- Tobermory Cat's Facebook logo
- Created by: Angus Stewart

In-universe information
- Species: Cat
- Gender: Male
- Occupation: Celebrity cat, "famous for being famous"

= Tobermory Cat =

Tobermory Cat is the name of a celebrity ginger cat used as an "evolving, interactive artwork" by Scottish artist Angus Stewart.

==Background==
The Distillery Cats originally lived at The Tobermory Distillery Tobermory on Mull, Argyll, Scotland, their two ginger cats were named Tobermory and Ledaig after two whiskies produced at the Tobermory Distillery. The cat named Tobermory remained at the distillery while Ledaig later moved to Browns Hardware Shop. A third ginger cat known as "McGinty" or the Mishnish Cat lived at Mishnish Hotel. Together these three similar ginger cats became a single fictional cat character named Tobermory Cat through a Facebook page created by Angus Stewart. Ledaig died on 12th October 2025. Tobermory died in September 2012).

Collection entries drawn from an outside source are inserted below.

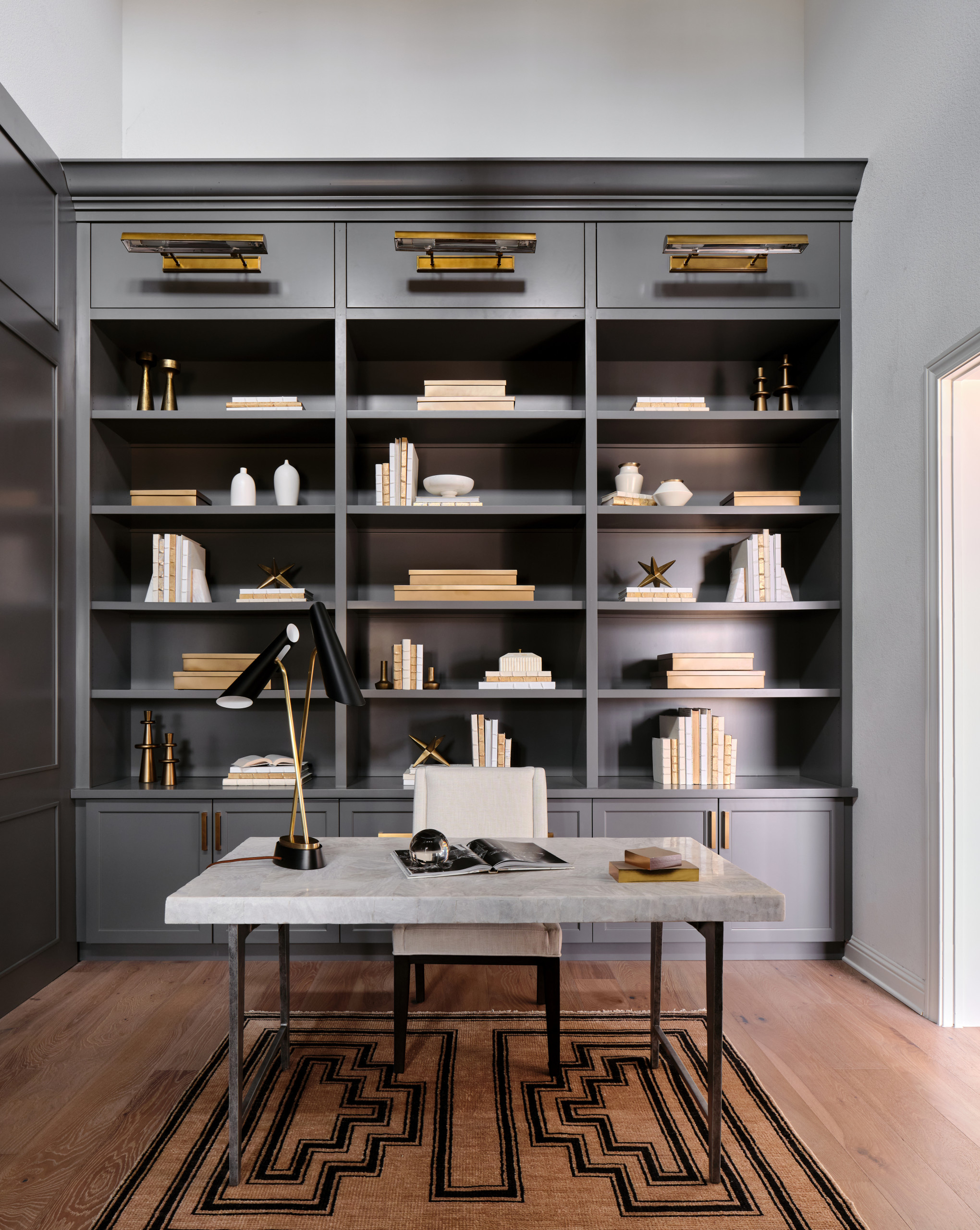 Haven Design and Construction designed 12-foot-tall built-in bookcases to add architectural detail to the white 22-foot-tall walls in this Austin, Texas, home office.
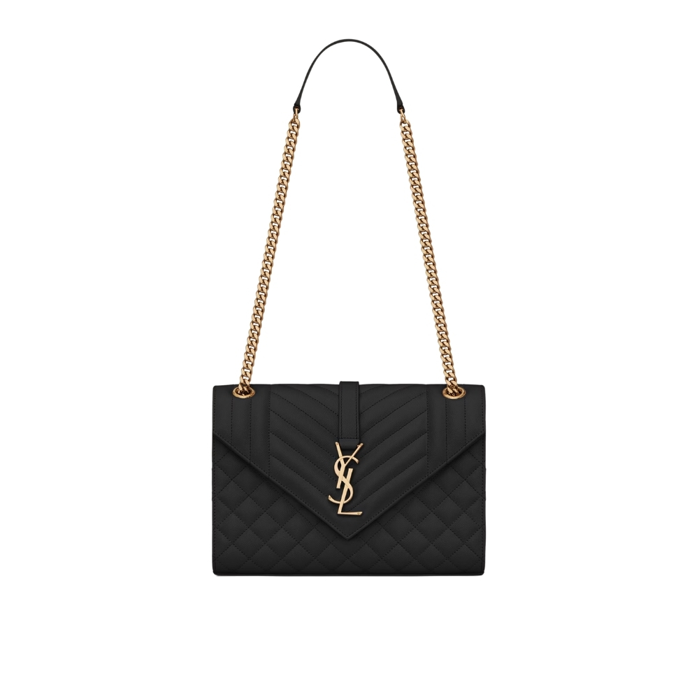 Saint Laurent Envelope Medium In Quilted Grain De Poudre Embossed Leather Black Gold 600185BOW911000 / 24cm / 9.4 inches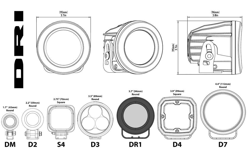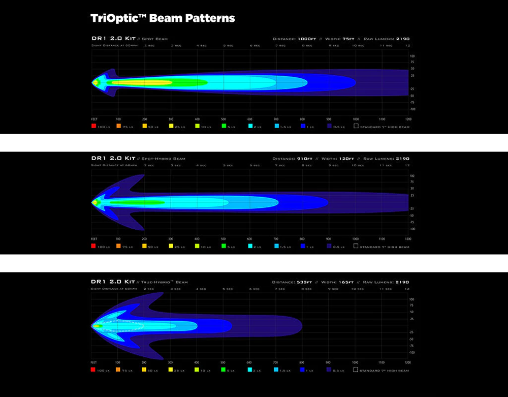 El exclusivo reflector de gran tamaño en el DR1 crea una distancia de haz de 1000 pies líder en la industria desde el único par de LED de 10 vatios. Ningún otro LED de 10 vatios se le acerca. El DR1 es ideal para condiciones de conducción nocturna donde se desea la máxima distancia de haz. El par de lentes True-Hybrid™ incluido cuenta con una certificación oficial E-Mark y crea una combinación más equilibrada de distancia y amplitud.

Angus Stewart's Facebook page entitled Tobermory Cat, created 25 Feb 2011. Due to the Facebook page and promotional merchandise the name Tobermory Cat became widely used by visitors and residents of Tobermory. He published a book, Tobermory Cat subtitled famous for being famous, published 22 September 2012, Tobermory Cat Publishing, Softback, 52 pages, ISBN 0957463103. There is also a later illustrated children's book produced under a licensing agreement, The Tobermory Cat published 12 October 2012, by Debi Gliori published by Birlinn. Birlinn, Limited, Hardback, 32 pages, ISBN 1780270992.
An earlier work (with no association to the town) featuring a troublesome talking cat named 'Tobermory' appeared in a collection of short stories by Saki titled The Chronicles of Clovis in 1911.

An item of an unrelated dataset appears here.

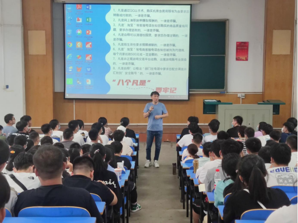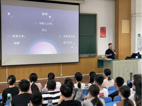 院党委副书记傅苑做题为《带你走进大学》的新生教育课,从学院介绍、大学学习的转变、就业与发展以及学业管理四个方面展开,介绍了学院如何助力学生多维度成长,总结了大学阶段学习的特点,为在座的各位新生打开了洞见未来的窗口。她强调,步入大学要为自己制定详细可行的学习目标,养成独立自主,多思善问的学习习惯,改变“到大学就轻松了”的错误想法。最后,她寄语全体新生,希望在座的各位能够成为积极向上,励志有为的新时代青年。

==Angus Stewart's Tobermory Cat==
On 25 February 2011, Tobermory artist Angus Stewart created a Facebook page and viral marketing project entitled "Tobermory Cat" containing photoshopped images of the famous for being famous celebrity cat. As the Facebook page gained popularity the character became an "internet sensation", attracting regional and national press coverage in The Guardian and BBC Scotland's television news programme Reporting Scotland. Stewart's artistic creation is a parody of celebrity culture based largely on the T.V. persona of Donald Trump, his brand and use of promotion. The famous Tobermory Cat lived in T.C.Towers and enjoyed the trappings of fame such as paparazzi photographers and a helicopter seen delivering cat books and postcards around Scotland. The work was fabricated using photoshopped images of the everyday antics of three cats in a work usually set in Tobermory however during Spring 2012 Tobermory Cat was seen traveling around the world, the cat having been photoshopped into images supplied by Facebook followers around the world. The resulting photographs are described using exaggerated celebrity terms, the premise being that by repeatedly describing a cat as famous it will become famous. The fictional work is narrated by the second assistant tea maker at T.C.Management and explores the nature of the construct of celebrity through a fictional cat who is simply "famous for being famous". Having created and promoted his fictional work, Angus Stewart registered the web domain tobermorycat.co.uk 22 November 2011, registered as a company Tobermory Cat Ltd 19 March 2012 and applied for the Tobermory Cat Trade Mark on 23 March 2012.

As part of the creative work, the artist documented the process of creating and promoting his fictional celebrity cat on the Facebook page. In December 2011 a prominent Scottish publisher and a children's book illustrator visited the artist with a view to producing a series of children's books about the famous Tobermory Cat. There followed a long running legal dispute centering on creative rights leading to publisher Birlinn challenging the artists trademark "Tobermory Cat" in both the UK and USA. The impact of the dispute became a prominent theme on Stewart's Tobermory Cat Facebook page.

Tobermory Cat is now a registered UK trademark held by Angus Stewart. The dispute over the rights and attribution of the work was covered in the media during November 2012. Birlinn raised an opposition action against Angus Stewart's Tobermory Cat trademark at Edinburgh Sheriff Court on 30 October 2014. On 27 July 2015 a public statement was released by both parties, the matter having been resolved by means of a license agreement.